The Codebase Knowledge Memory Layer Agent.
Manages ingestion, indexing, and persistent storage of codebase-related
information within SurrealDB. Provides real-time monitoring and updates.
"""
import asyncio
import os
import hashlib
from pathlib import Path
from typing import Dict, List, Any, Optional, Set
from datetime import datetime
import logging
import ast
import re
from watchdog.observers import Observer
from watchdog.events import FileSystemEventHandler
from ..models.memory_layers import RelationshipType
from ..models.agent_models import AgentConfig, AgentMessage, AgentResponse
from ..services.groq_service import GroqLLMService
from ..services.memory_service import MemoryService
logger = logging.getLogger(__name__)
class CodeFileType(str):
"""Supported code file types."""
PYTHON = "python"
JAVASCRIPT = "javascript"
TYPESCRIPT = "typescript"
JAVA = "java"
CPP = "cpp"
GO = "go"
RUST = "rust"
OTHER = "other"
class CodeChunk:
"""Represents a chunk of code with metadata."""
def __init__(
self,
id: str,
file_id: str,
content: str,
chunk_type: str,
start_line: int,
end_line: int,
**kwargs
):
self.id = id
self.file_id = file_id
self.content = content
self.chunk_type = chunk_type
self.start_line = start_line
self.end_line = end_line
self.metadata = kwargs
class CodeFile:
"""Represents a code file with metadata."""
def __init__(
self,
id: str,
file_path: str,
content: str,
file_type: str,
**kwargs
):
self.id = id
self.file_path = file_path
self.content = content
self.file_type = file_type
self.metadata = kwargs
self.chunks: List[CodeChunk] = []
class CodebaseWatcher(FileSystemEventHandler):
"""File system watcher for real-time codebase monitoring."""

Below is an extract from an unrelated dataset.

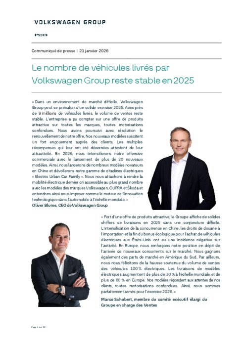 Constructeurs 21 janvier 2026 - 14:41 Le volume de ventes est en nette progression en Europe (+4%) et en Amérique du Sud (+12%). Conformément à nos prévisions, il s'inscrit à la baisse en Amérique du Nord (-10%) et en Chine (-8%) en raison d'un environnement de marché difficile. PDF (565 Ko) Télécharger credit Volkswagen

def __init__(self, agent: 'CodebaseMemoryAgent'):
self.agent = agent
self.supported_extensions = {
'.py', '.js', '.ts', '.jsx', '.tsx', '.java', '.cpp', '.cc', '.h', '.hpp',
'.go', '.rs', '.rb', '.php', '.cs', '.swift', '.kt', '.scala', '.sh'
}
def on_modified(self, event):
if not event.is_directory and self._is_supported_file(event.src_path):
asyncio.create_task(self.agent.handle_file_change(event.src_path, "modified"))
def on_created(self, event):
if not event.is_directory and self._is_supported_file(event.src_path):
asyncio.create_task(self.agent.handle_file_change(event.src_path, "created"))

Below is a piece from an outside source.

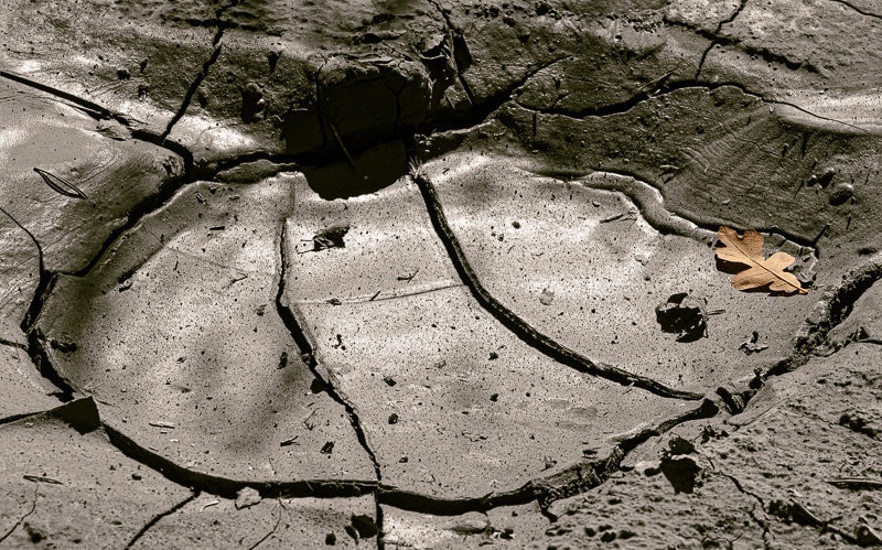 The mud had some color in it which I wanted to eliminate. I made a selection of all the mud, desaturated it, and then toned it brown. The leaf is its natural color. |

def on_deleted(self, event):
if not event.is_directory and self._is_supported_file(event.src_path):
asyncio.create_task(self.agent.handle_file_change(event.src_path, "deleted"))
def _is_supported_file(self, file_path: str) -> bool:
"""Check if file type is supported for monitoring."""

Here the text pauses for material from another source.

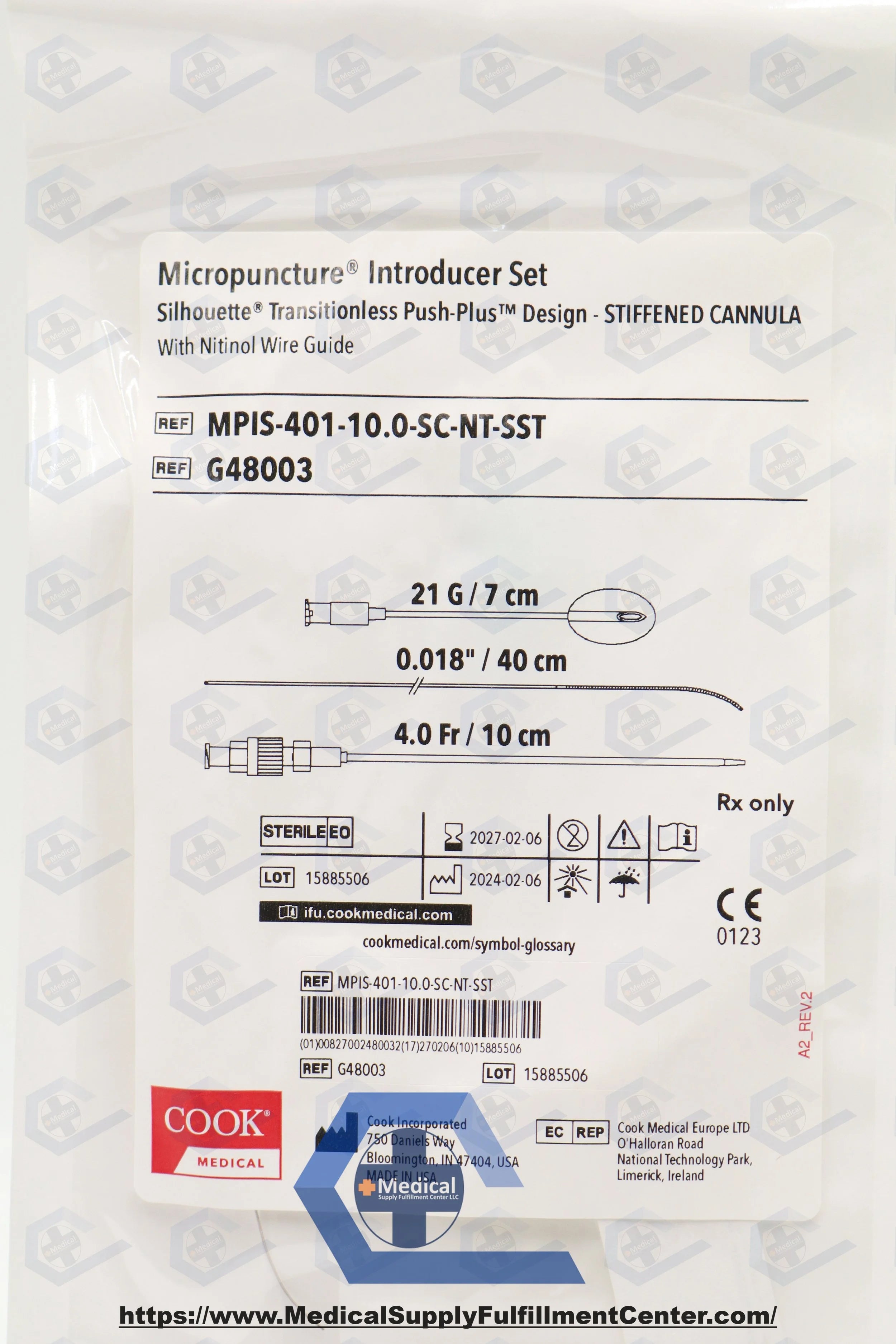 COOK | G48003 | IN-DATE | EACHES | Micropuncture Introducer Set, Transitionless, Stiffened Cannula, Nitinol Wire 4F x 10cm

return Path(file_path).suffix.lower() in self.supported_extensions
class CodebaseMemoryAgent:
"""
Manages the codebase knowledge memory layer with real-time monitoring,
intelligent chunking, and rich relationship mapping.
"""
def __init__(
self,
config: AgentConfig,
llm_service: GroqLLMService,
memory_service: MemoryService,
codebase_path: str
):
self.config = config
self.llm = llm_service
self.memory = memory_service
self.codebase_path = Path(codebase_path)
# File monitoring
self.observer = Observer()
self.watcher = CodebaseWatcher(self)
self.monitoring = False
# Caching and state
self.file_hashes: Dict[str, str] = {}
self.indexed_files: Set[str] = set()
# Language parsers
self.language_parsers = {
CodeFileType.PYTHON: self._parse_python_file,
CodeFileType.JAVASCRIPT: self._parse_javascript_file,
CodeFileType.TYPESCRIPT: self._parse_typescript_file,
}
async def initialize(self) -> AgentResponse:
"""Initialize the codebase memory agent."""
try:
# Validate codebase path
if not self.codebase_path.exists():
raise ValueError(f"Codebase path does not exist: {self.codebase_path}")
# Start file monitoring
await self.start_monitoring()
# Perform initial indexing
await self.index_codebase()
logger.info(f"Codebase memory agent initialized for: {self.codebase_path}")
return AgentResponse(
agent_id=self.config.agent_id,
success=True,
message="Codebase memory agent initialized successfully",
data={
"codebase_path": str(self.codebase_path),
"indexed_files": len(self.indexed_files),
"monitoring": self.monitoring
}
)
except Exception as e:
logger.error(f"Failed to initialize codebase memory agent: {e}")
return AgentResponse(
agent_id=self.config.agent_id,
success=False,
error=str(e)
)
async def start_monitoring(self):
"""Start real-time file system monitoring."""
try:
self.observer.schedule(self.watcher, str(self.codebase_path), recursive=True)
self.observer.start()
self.monitoring = True
logger.info("Started codebase monitoring")
except Exception as e:
logger.error(f"Failed to start monitoring: {e}")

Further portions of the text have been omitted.